The CD V-717 is a portable monitoring instrument which measures
gamma radiation dose rates as high
as 500 roentgens per hour. It is designed to be used by radiological Civil Defense
personnel in determining
radioactive contamination levels that may result from an enemy attack or other
nuclear disasters.
Instrument accuracy on any of its four ranges is within ± 20% of the
true dose rate from Cobalt 60 gamma
radiation. This accuracy is maintained throughout a temperature range of -20°
F to +125° F, relative
humidities to 100% and at altitudes from sea level to 25,000 feet. Use of the
remote cable feature
should give less than ± 5% change in reading. The case consists of three
sections. The top section contains
the meter and almost all of the circuit. The bottom section contains the ion
chamber and provides for
storage of the 25 feet of triaxial cable and the storage spool. The center section
provides for electrically
connecting the circuit board on the top section to the ion chamber from the
bottom section.
This unit can be operated as a hand held unit or in the remote configuration.
The detecting element is an hermetically sealed ionization chamber. This chamber
is located in the lower
front portion of the bottom case section of the instrument to make the instrument
nearly equally
sensitive to radiation from the bottom and front.

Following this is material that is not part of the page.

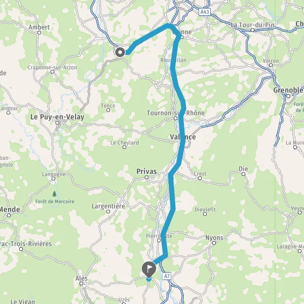 Prendre à droite et rejoindre A7. Continuer sur 154 kilomètres
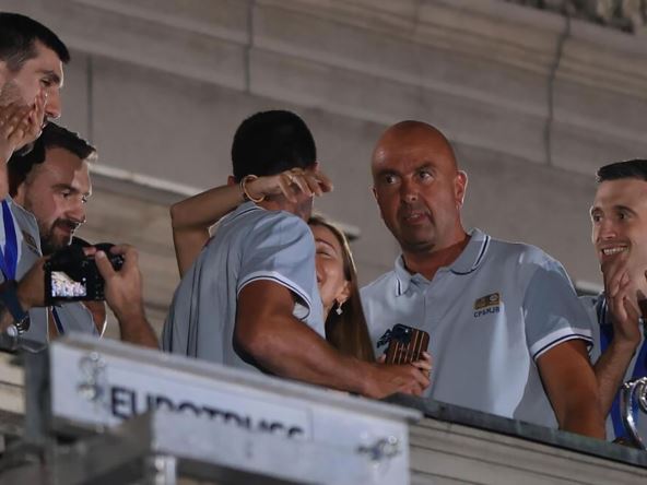 Jelena Đoković pojavila se na balkonu zajedno sa našim košarkašima i Novakom Đokovićem, gde su dočekani ovacijama i pesmom.

The ionization chamber plus the instrument case will together total more
than 1000 mg/cm2 in
effective thickness to make the instrument insensitive to beta rays lower than
2 Mev in energy.
The ionization chamber is hermetically sealed to eliminate changes in sensitivity
due to changes in air
pressure resulting from altitude changes, temperature changes, and moisture
effects.
Meter reads 0 - 5 with switch selectable scales of: x .01 / x .1 / x 10 / x 100
Above information from the Victoreen CD V-717 Model 1 manual.
Battery life is 150 hours of continuous use. This is based
on the carbon/zinc batteries of the early
1960's, newer alkaline batteries should do much better.
Special Note:
The Handbook For Radiological Monitors
only refers to the CD V-717 as a modification of the CD V-715
Government cost in 1969: $30.82
Government Procurement - Fiscal Year 1955 - 1985
100,100
Unit shown ready to use in remote mode. Top and middle sections are together.